Block delivery is what we call informing a node about a new block. From the perspective of a node, new blocks might be freshly mined locally, just appended locally, or received from the network.

We handle these deliveries in the deliver function. The function makes the block visible to the node, applies the node’s update function, and handles the returned instructions to share existing or append new blocks.

def deliver(block, i, event):
    # update local visibility
    dag.make_visible(block, i)

    # simulate node i's action
    _init, update, _mining = node(i)
    with dag.set_view(i):
        ret = update(state[i], block, event)

    # store updated state
    state[i] = ret.state

    # handle communication
    for msg in ret.share:
        broadcast(i, msg)

    # handle appends w/o proof-of-work
    for draft in ret.append:
        append(i, draft)

The protocol specification assumes that blocks are delivered in order, that is, that the parents of a delivered block have been delivered before. For our previous use of deliver in the proof-of-work loop, this invariant is trivially true. The following wrapper ensures in-order delivery for messages received from the network.

def deliver_in_order(block, i, event):
    def deliver_once(block, i, event):
        if not dag.is_visible(block, i):
            deliver(block, i, event)

    def all_parents_visible():
        for parent in block.parents():
            if not dag.is_visible(parent, i):
                return False
        return True

    delay_until(parents_visible, deliver_once, block, i, event)

Communication

Nodes may request block broadcasts from their update function. The simulator’s delivery function forwards these requests to the broadcast function below. For each of the sending node’s (src) neighbors, this function samples a message delay (t) and—after waiting for delay—delivers the block to the receiver (dst).

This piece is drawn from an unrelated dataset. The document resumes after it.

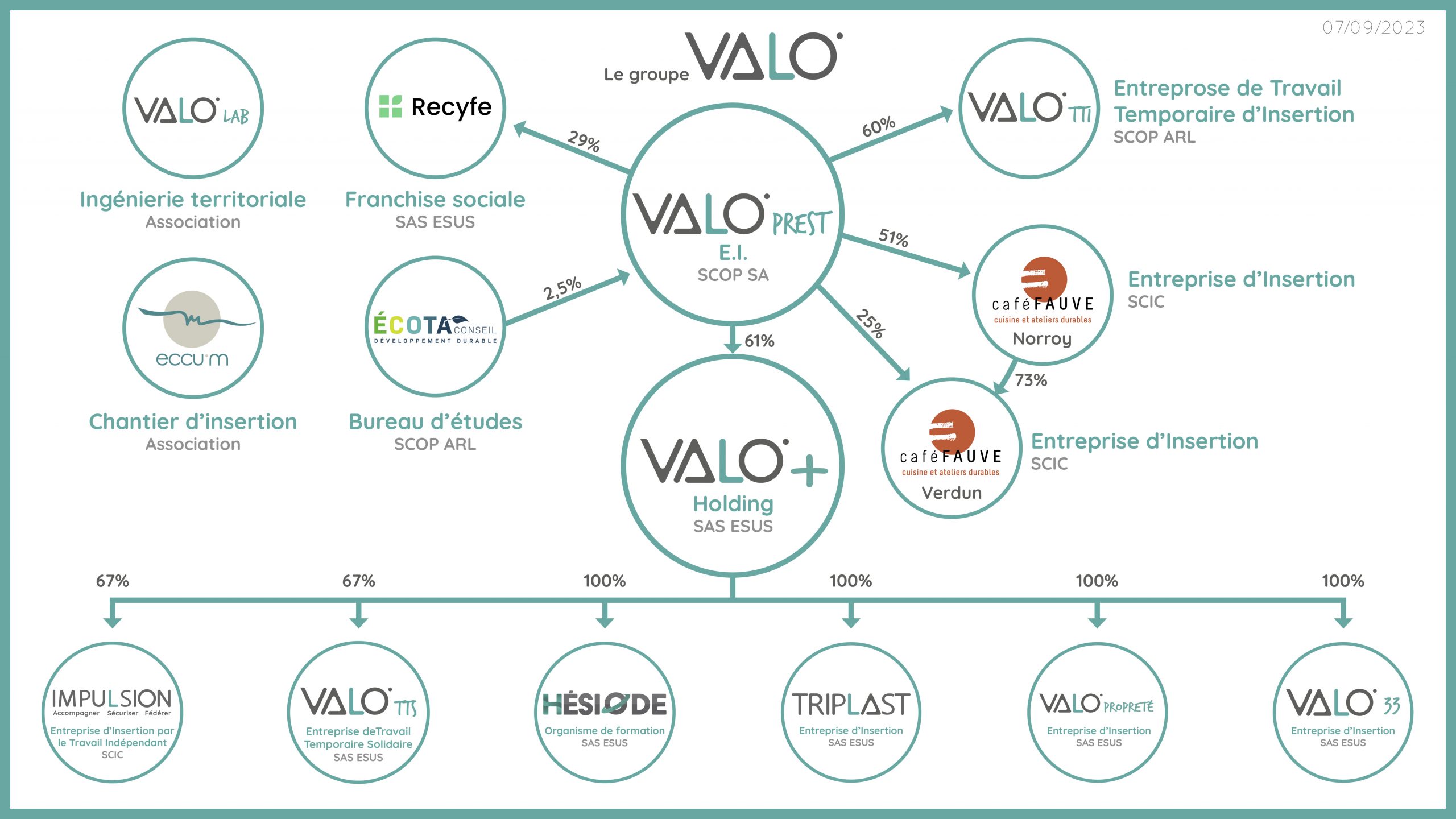 Depuis le siège n’a pas bougé – toujours dans la zone industrielle de Florange – mais l’entreprise a bien évolué. Première transformation, la voici devenu un groupe qui regroupe Valo’ Prest, la maison mère mais aussi le bureau d’études ECOTAconseil et bien d’autres sociétés et associations. « Nous comptons désormais 14 structures et près de 420 salariés sur cinq métiers principaux », développe son président. Spécialisé dans le domaine de l’inclusion, le groupe embauche des personnes éloignées de l’emploi, les forme et les accompagne afin de les réorienter vers un emploi stable et durable. Un sas qui vise à leur « donner accès à l’estime de soi, à leur destinée, à leurs envies ». Les contrats peuvent s’étendre jusqu’à deux ans. « Nos salariés passent en moyenne 14 mois dans le groupe et disposent d’un parcours adapté en fonction de leurs goûts », précise toutefois Philippe Lerouvillois. Il est vrai que la société dispose d’un panel important de services dans l’économie circulaire, la restauration (café fauve), la propreté, la conciergerie, l’ingénierie. En parallèle, il participe à différents projets précurseurs émanant sur le territoire et développe des boîtes d’intérim en direction des personnes éloignées de l’emploi.

def broadcast(src, block):
    for dst in neighbours(src):
        t = message_delay(src, dst)
        delay(t, deliver_in_order, dst, block, "network")

Non-PoW Blocks

Nodes may request block appends from their update function. The simulator’s delivery function forwards these requests to the append function below. Without delay, the function appends the block draft to the DAG, ensures validity, and delivers the new block to the requesting node. Block’s originating from this mechanism do not carry a proof-of-work.

def append(i, draft):
    block = dag.add(draft)
    block.pow = False
    if validity(block):
        deliver(block, i, "append")
    else:
        dag.remove(block)

Discrete Event Simulation

Above we suggest to use concurrent programming to implement the scheduling primitives delay and delay_until. If implemented naively, the simulator would spend most the time waiting for the delays or checking properties becoming true. A delay of n seconds would actually take n seconds to simulate. Simulations would be real-time, but real-time is inconveniently slow in the proof-of-work blockchain context.

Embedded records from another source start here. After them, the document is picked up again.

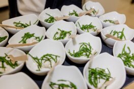 Im Anschluss an die Vorstellung hatten die Teilnehmer Gelegenheit, beim Light Lunch einen Eindruck von den kulinarischen Besonderheiten Friauls zu gewinnen. Die präsentierten Produkte stehen beispielhaft für die kulinarische Identität der Region: Der luftgetrocknete San Daniele-Schinken, der in der gleichnamigen Gemeinde hergestellt wird. Der Montasio-Käse, ein halbfester Käse mit langer Reifung, welcher ausschließlich aus Kuhmilch von Almkühen hergestellt wird. Ein fester Bestandteil der friulanischen Küche ist Polenta – aus Maismehl zubereitet und in vielfältiger Weise verwendet. Beispielsweise als Beilage des Frico, ein traditionelles Gericht aus Käse und Kartoffeln, außen knusprig und innen zart. Ergänzt wird das Menü durch eine Auswahl an regionalen Weiß- und Rotweinen, die die klimatische und geologische Vielfalt Friauls widerspiegeln.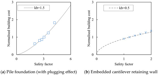 Figure 6 shows examples of cost estimations for open-ended steel pipe pile foundations [54] and steel pipe pile-retaining walls [55]. As the cost estimations conform to the function with the constant power, kb, of the SF (Figure 6), this paper assumes that the normalized Cb is modeled as follows: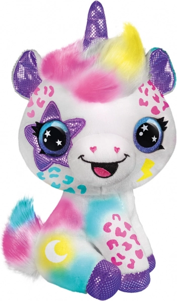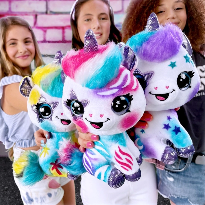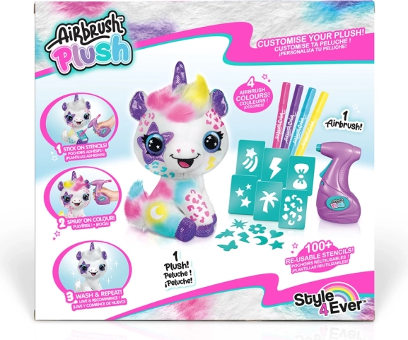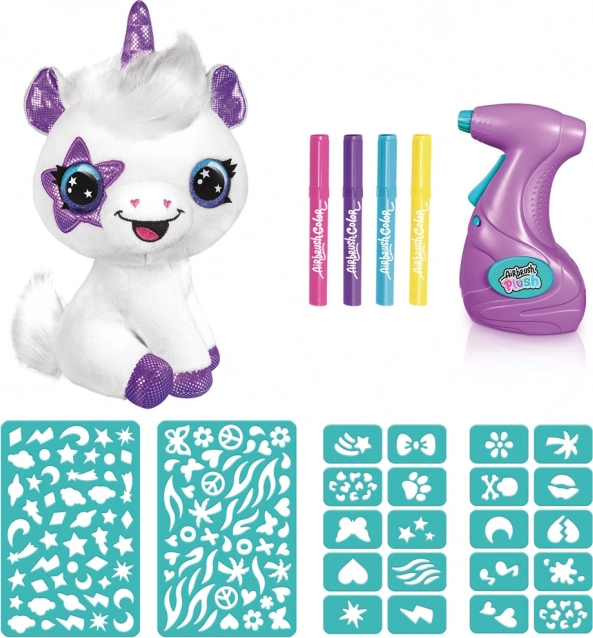 Változtasd a fehér plüss unikornist egyedi műalkotássá. Az egyszerű airbrush eszközzel és az öntapadó sablonokkal csillagokat, szívecskéket és színátmeneteket készíthetsz. Ha változást szeretnél, elég leöblíteni vagy kimosni hideg vízben, és újra alkothatsz.

We speed up the simulation by skipping the delayed time instead of waiting for it to pass. The approach is called discrete-event simulation. The trick is to maintain a time-ordered queue of future events and define a loop that handles the scheduled events one after another until none are left. In the context of this simulator, future events are delayed function calls. Handling an event is as simple as evaluating the call. Each call may schedule further delayed calls. The time-ordering of the queue ensures that the calls happen in the same order as they would with naive waiting.

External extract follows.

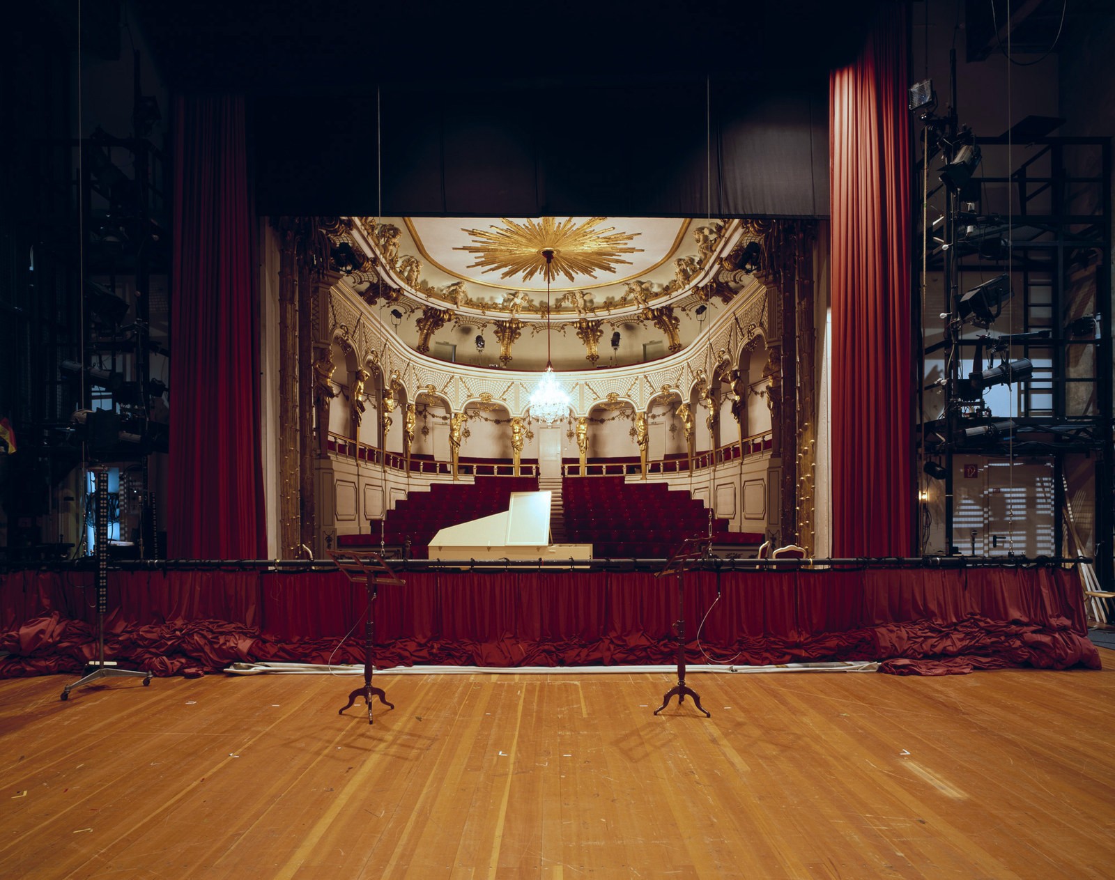 Frahm questiona a hierarquia com fotografias de teatro a partir da perspectiva dos atores. instituições de arte.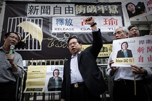 2014-05-12 21:25:24香港各團體星期天(11日)在北京駐港機構中聯辦外示威,抗議當局拘捕獨立媒體人高瑜,中國大陸資深記者高瑜,以敢言著稱,上個月以洩漏國家機密罪被捕。

from queue import PriorityQueue

time = 0
queue = PriorityQueue()
props = []


def delay(seconds, fun, *args):
    queue.put(time + seconds, fun, args)


def delay_until(prop, fun, *args):
    prop.append(prop, fun, args)


# simulator code goes here
...

while not queue.empty():
    # dequeue and handle next event
    time, fun, args = queue.get()
    fun(*args)
    # re-evaluate delay_until properties
    next_props = []
    for prop, fun, args in props:
        if prop():
            fun(*args)
        else:
            next_props.append(prop, fun, args)
    props = next_props

Note that using delay_until can cause significant overhead. We introduced this scheduling primitive to improve readability of the simulator pseudo-code. We completely avoid this kind of scheduling in our optimized simulator implementation.